====== LISTED RECORDS ======

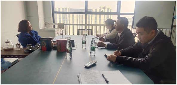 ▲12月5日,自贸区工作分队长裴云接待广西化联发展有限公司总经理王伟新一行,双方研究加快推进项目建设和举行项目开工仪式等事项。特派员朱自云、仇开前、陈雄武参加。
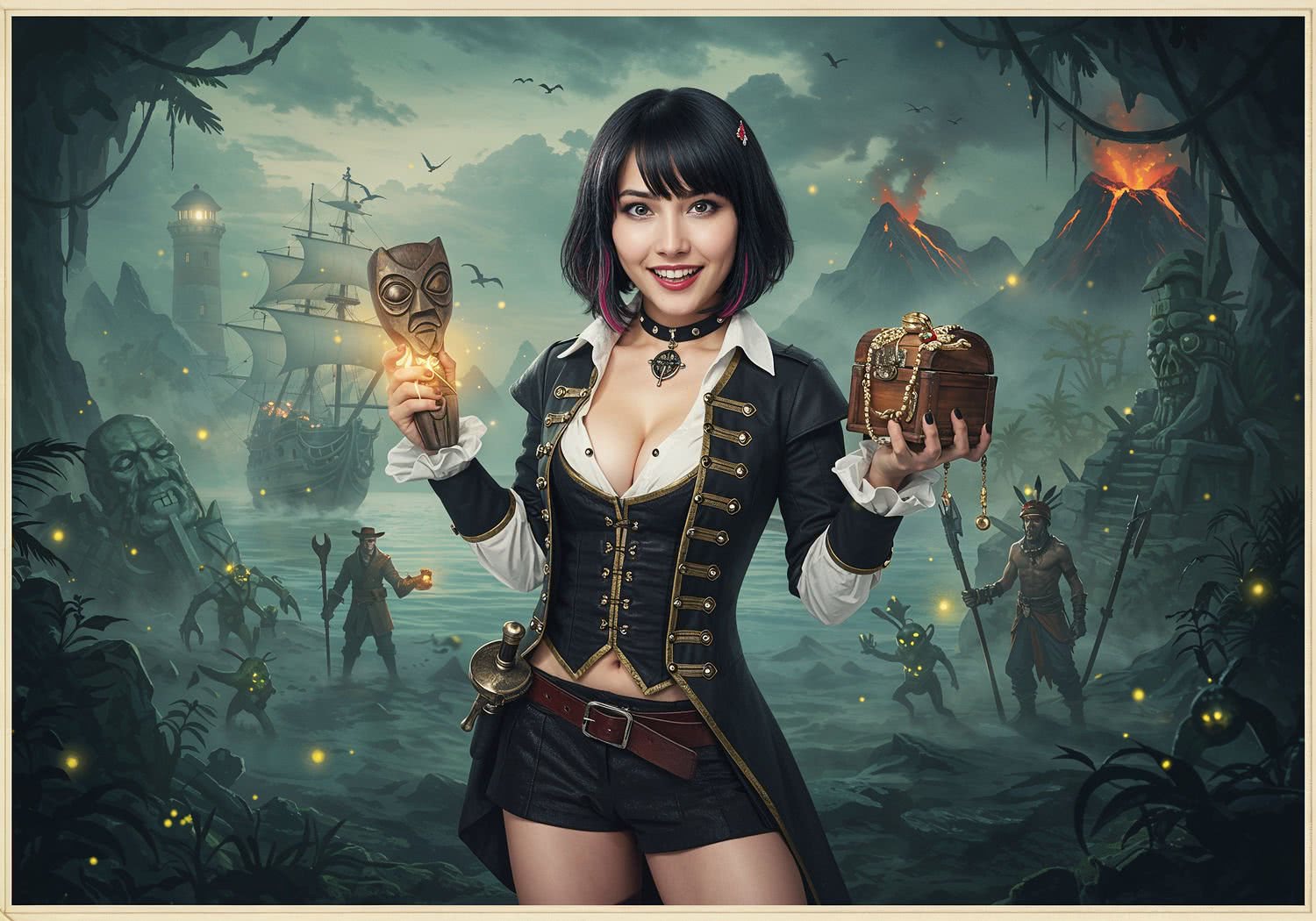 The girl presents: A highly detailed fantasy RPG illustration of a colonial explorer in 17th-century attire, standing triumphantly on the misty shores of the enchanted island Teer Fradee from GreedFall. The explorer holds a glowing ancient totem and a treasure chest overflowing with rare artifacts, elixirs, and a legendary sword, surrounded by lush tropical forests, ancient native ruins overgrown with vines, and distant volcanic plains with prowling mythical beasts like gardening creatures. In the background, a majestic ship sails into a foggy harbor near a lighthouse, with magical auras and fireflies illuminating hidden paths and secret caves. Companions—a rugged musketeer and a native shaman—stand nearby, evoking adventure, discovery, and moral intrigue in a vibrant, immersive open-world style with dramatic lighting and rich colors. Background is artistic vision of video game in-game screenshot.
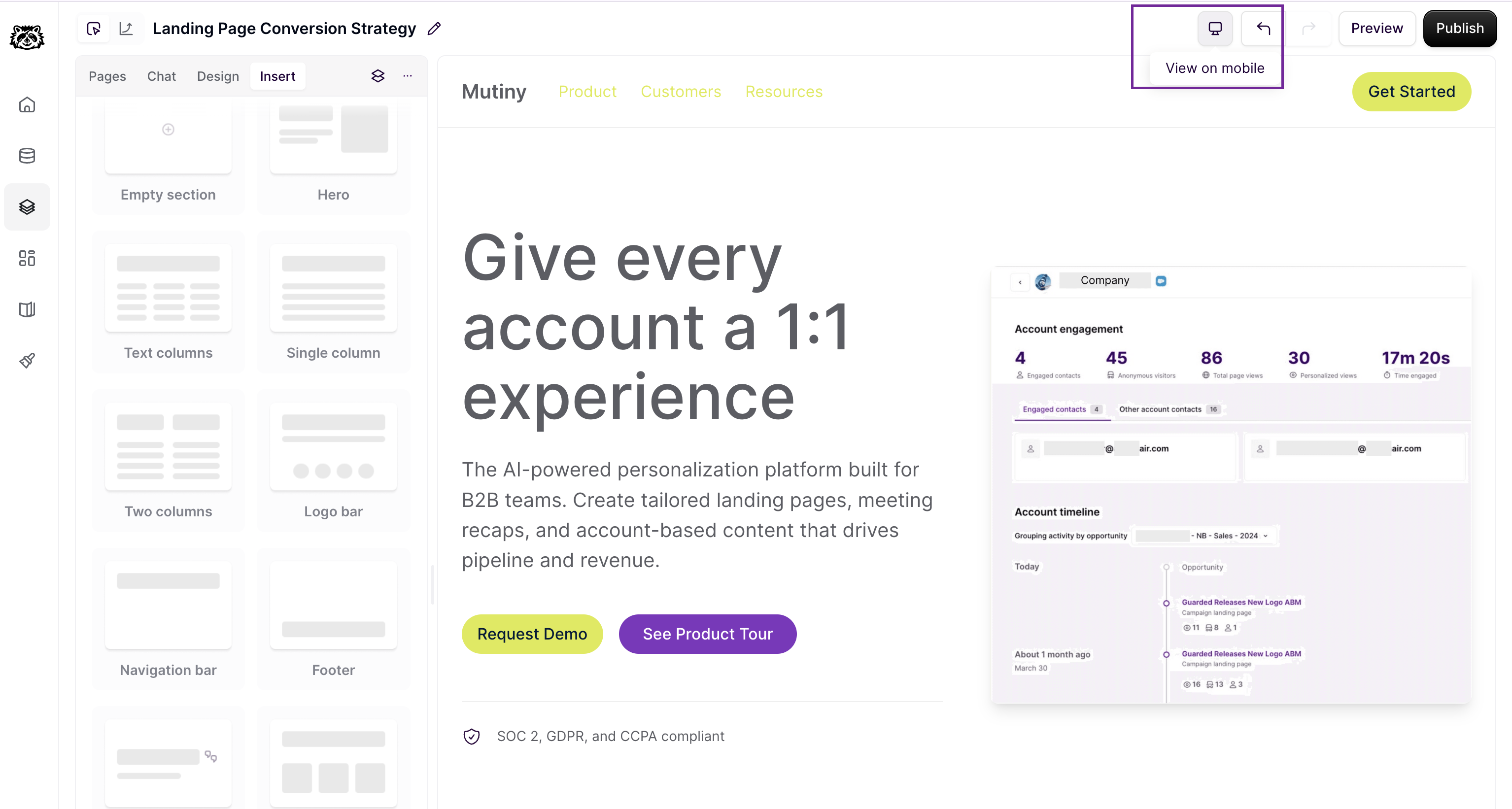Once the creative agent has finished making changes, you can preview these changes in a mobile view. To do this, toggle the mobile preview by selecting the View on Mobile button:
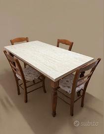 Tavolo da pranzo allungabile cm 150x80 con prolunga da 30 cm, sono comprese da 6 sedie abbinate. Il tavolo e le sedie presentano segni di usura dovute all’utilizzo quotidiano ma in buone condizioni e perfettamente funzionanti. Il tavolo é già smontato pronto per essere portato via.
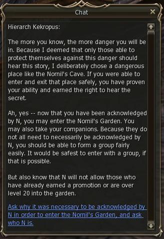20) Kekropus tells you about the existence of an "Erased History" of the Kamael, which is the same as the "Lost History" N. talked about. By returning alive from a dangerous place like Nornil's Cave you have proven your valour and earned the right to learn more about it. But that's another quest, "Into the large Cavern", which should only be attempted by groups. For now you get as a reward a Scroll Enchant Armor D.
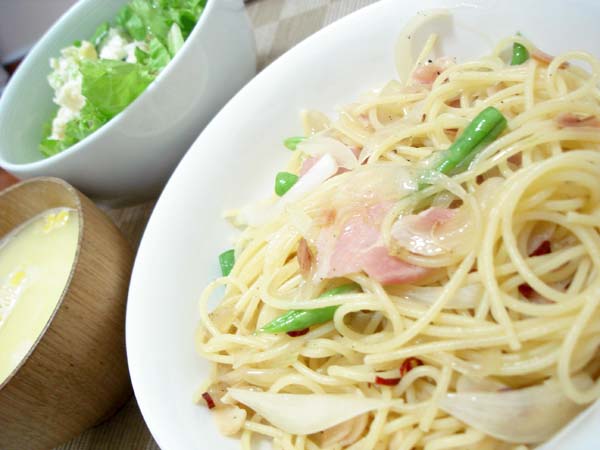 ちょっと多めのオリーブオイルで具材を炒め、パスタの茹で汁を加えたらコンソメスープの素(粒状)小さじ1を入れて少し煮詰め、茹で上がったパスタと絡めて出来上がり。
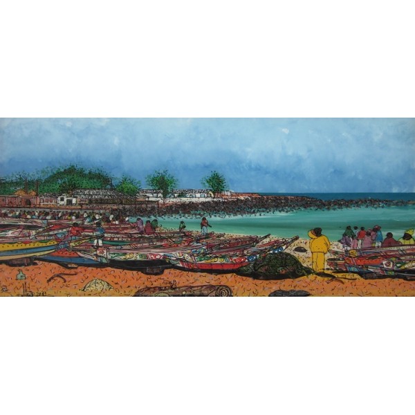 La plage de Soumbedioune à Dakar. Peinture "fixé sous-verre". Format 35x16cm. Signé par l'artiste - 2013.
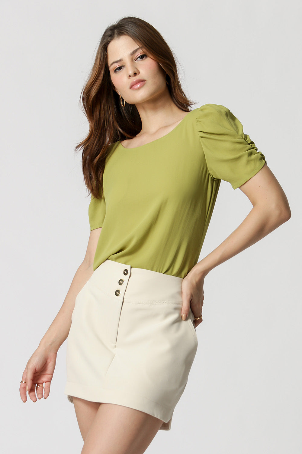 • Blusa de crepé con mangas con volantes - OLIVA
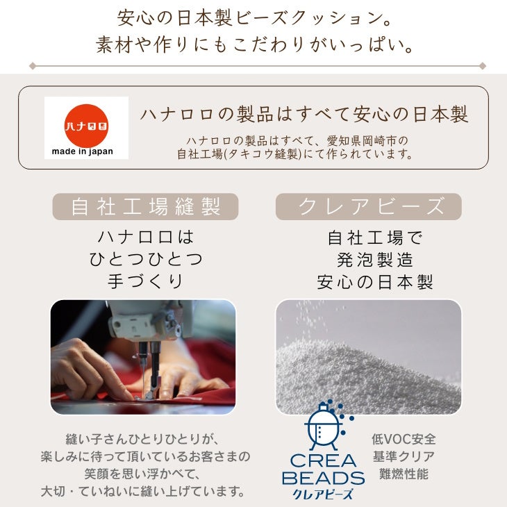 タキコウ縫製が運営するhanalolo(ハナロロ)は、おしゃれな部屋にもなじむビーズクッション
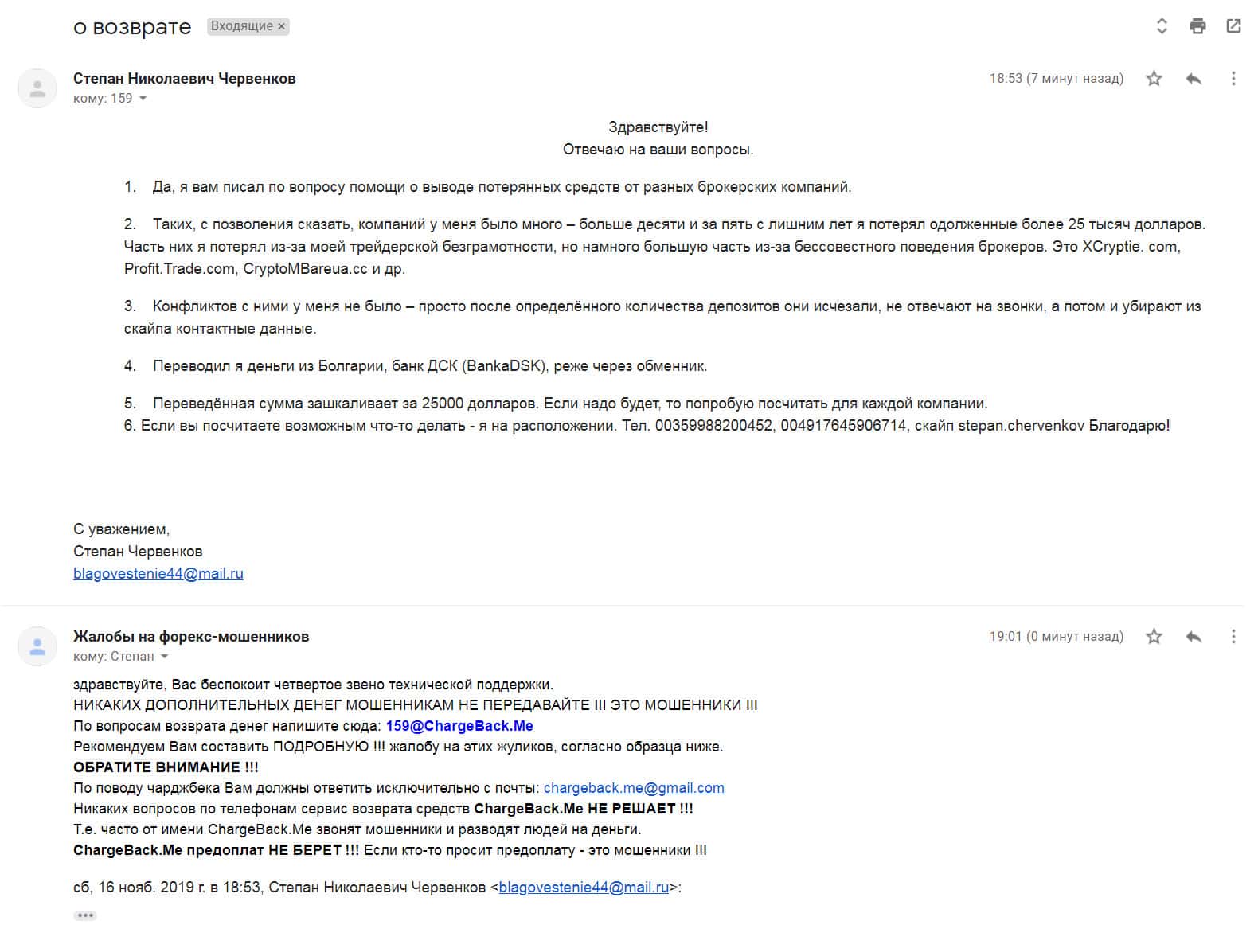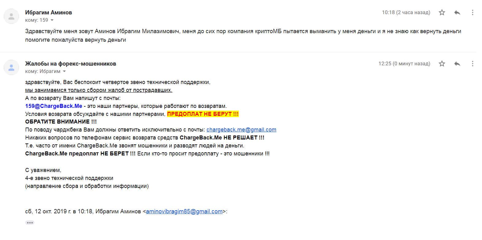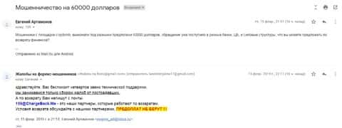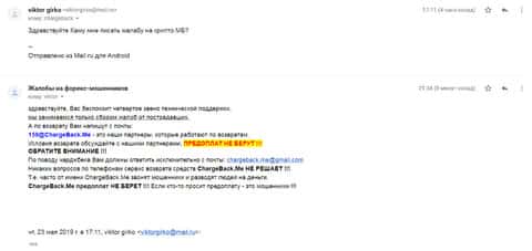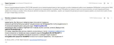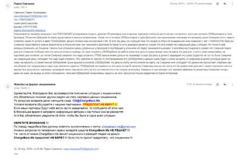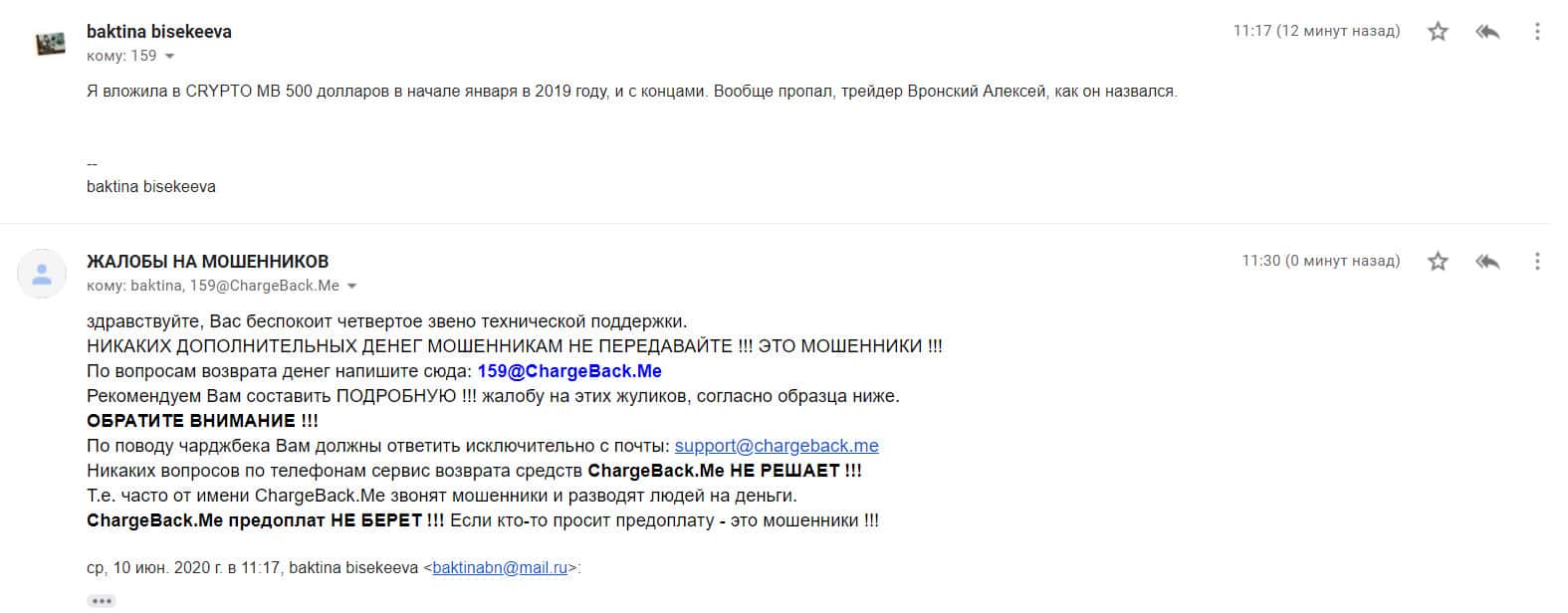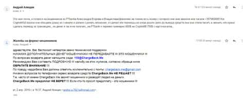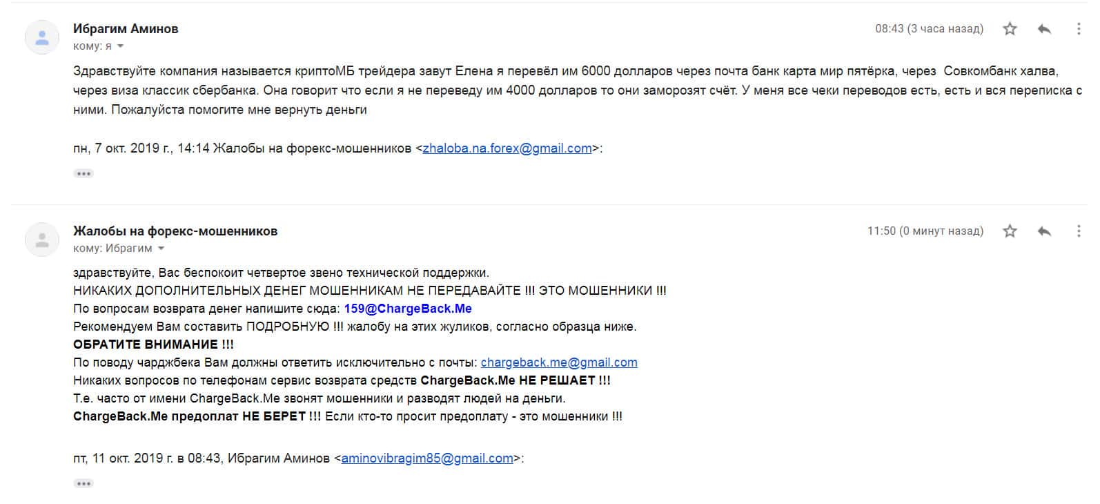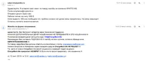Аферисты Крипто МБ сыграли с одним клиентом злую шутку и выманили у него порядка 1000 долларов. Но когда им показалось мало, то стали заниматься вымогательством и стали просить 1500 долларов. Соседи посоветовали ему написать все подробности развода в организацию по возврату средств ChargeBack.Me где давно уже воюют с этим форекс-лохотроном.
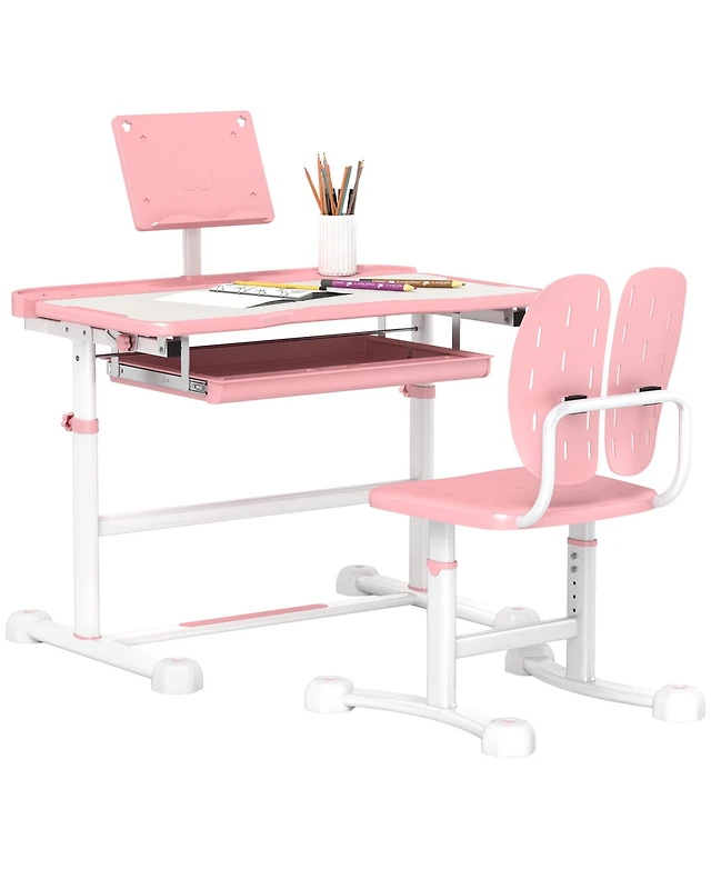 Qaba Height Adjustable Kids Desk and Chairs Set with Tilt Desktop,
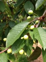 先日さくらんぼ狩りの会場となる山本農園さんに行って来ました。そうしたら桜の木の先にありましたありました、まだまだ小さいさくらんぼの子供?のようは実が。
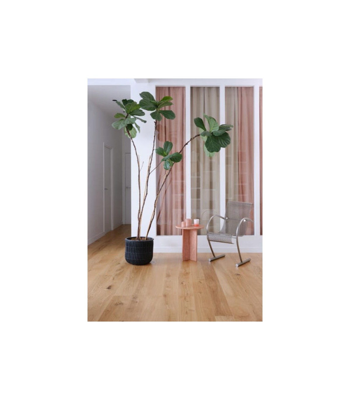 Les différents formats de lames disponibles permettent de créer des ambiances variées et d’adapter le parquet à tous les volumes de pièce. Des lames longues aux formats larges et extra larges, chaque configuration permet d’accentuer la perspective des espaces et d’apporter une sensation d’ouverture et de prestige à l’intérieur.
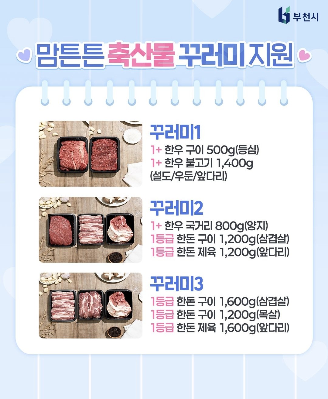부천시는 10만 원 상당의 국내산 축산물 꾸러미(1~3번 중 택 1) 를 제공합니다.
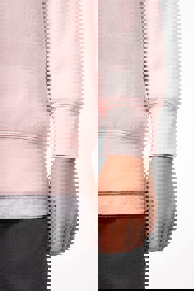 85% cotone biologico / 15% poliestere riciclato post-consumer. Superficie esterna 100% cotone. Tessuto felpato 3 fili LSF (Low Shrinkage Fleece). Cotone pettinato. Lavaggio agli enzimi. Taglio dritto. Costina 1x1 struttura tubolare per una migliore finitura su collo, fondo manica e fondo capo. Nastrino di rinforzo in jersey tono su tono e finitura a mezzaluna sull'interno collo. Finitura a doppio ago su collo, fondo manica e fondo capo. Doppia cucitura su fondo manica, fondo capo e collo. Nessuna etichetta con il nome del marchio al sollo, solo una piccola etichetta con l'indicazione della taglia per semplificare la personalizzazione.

======

WORK TASK -
Return all the records exactly. Skip the pictures.

COMPLETED EXERCISE -
 ▲12月5日,自贸区工作分队长裴云接待广西化联发展有限公司总经理王伟新一行,双方研究加快推进项目建设和举行项目开工仪式等事项。特派员朱自云、仇开前、陈雄武参加。
 The girl presents: A highly detailed fantasy RPG illustration of a colonial explorer in 17th-century attire, standing triumphantly on the misty shores of the enchanted island Teer Fradee from GreedFall. The explorer holds a glowing ancient totem and a treasure chest overflowing with rare artifacts, elixirs, and a legendary sword, surrounded by lush tropical forests, ancient native ruins overgrown with vines, and distant volcanic plains with prowling mythical beasts like gardening creatures. In the background, a majestic ship sails into a foggy harbor near a lighthouse, with magical auras and fireflies illuminating hidden paths and secret caves. Companions—a rugged musketeer and a native shaman—stand nearby, evoking adventure, discovery, and moral intrigue in a vibrant, immersive open-world style with dramatic lighting and rich colors. Background is artistic vision of video game in-game screenshot.
Once the creative agent has finished making changes, you can preview these changes in a mobile view. To do this, toggle the mobile preview by selecting the View on Mobile button:
 Tavolo da pranzo allungabile cm 150x80 con prolunga da 30 cm, sono comprese da 6 sedie abbinate. Il tavolo e le sedie presentano segni di usura dovute all’utilizzo quotidiano ma in buone condizioni e perfettamente funzionanti. Il tavolo é già smontato pronto per essere portato via.
20) Kekropus tells you about the existence of an "Erased History" of the Kamael, which is the same as the "Lost History" N. talked about. By returning alive from a dangerous place like Nornil's Cave you have proven your valour and earned the right to learn more about it. But that's another quest, "Into the large Cavern", which should only be attempted by groups. For now you get as a reward a Scroll Enchant Armor D.
 ちょっと多めのオリーブオイルで具材を炒め、パスタの茹で汁を加えたらコンソメスープの素(粒状)小さじ1を入れて少し煮詰め、茹で上がったパスタと絡めて出来上がり。
 La plage de Soumbedioune à Dakar. Peinture "fixé sous-verre". Format 35x16cm. Signé par l'artiste - 2013.
 • Blusa de crepé con mangas con volantes - OLIVA
 タキコウ縫製が運営するhanalolo(ハナロロ)は、おしゃれな部屋にもなじむビーズクッション
Аферисты Крипто МБ сыграли с одним клиентом злую шутку и выманили у него порядка 1000 долларов. Но когда им показалось мало, то стали заниматься вымогательством и стали просить 1500 долларов. Соседи посоветовали ему написать все подробности развода в организацию по возврату средств ChargeBack.Me где давно уже воюют с этим форекс-лохотроном.
 Qaba Height Adjustable Kids Desk and Chairs Set with Tilt Desktop,
 先日さくらんぼ狩りの会場となる山本農園さんに行って来ました。そうしたら桜の木の先にありましたありました、まだまだ小さいさくらんぼの子供?のようは実が。
 Les différents formats de lames disponibles permettent de créer des ambiances variées et d’adapter le parquet à tous les volumes de pièce. Des lames longues aux formats larges et extra larges, chaque configuration permet d’accentuer la perspective des espaces et d’apporter une sensation d’ouverture et de prestige à l’intérieur.
부천시는 10만 원 상당의 국내산 축산물 꾸러미(1~3번 중 택 1) 를 제공합니다.
 85% cotone biologico / 15% poliestere riciclato post-consumer. Superficie esterna 100% cotone. Tessuto felpato 3 fili LSF (Low Shrinkage Fleece). Cotone pettinato. Lavaggio agli enzimi. Taglio dritto. Costina 1x1 struttura tubolare per una migliore finitura su collo, fondo manica e fondo capo. Nastrino di rinforzo in jersey tono su tono e finitura a mezzaluna sull'interno collo. Finitura a doppio ago su collo, fondo manica e fondo capo. Doppia cucitura su fondo manica, fondo capo e collo. Nessuna etichetta con il nome del marchio al sollo, solo una piccola etichetta con l'indicazione della taglia per semplificare la personalizzazione.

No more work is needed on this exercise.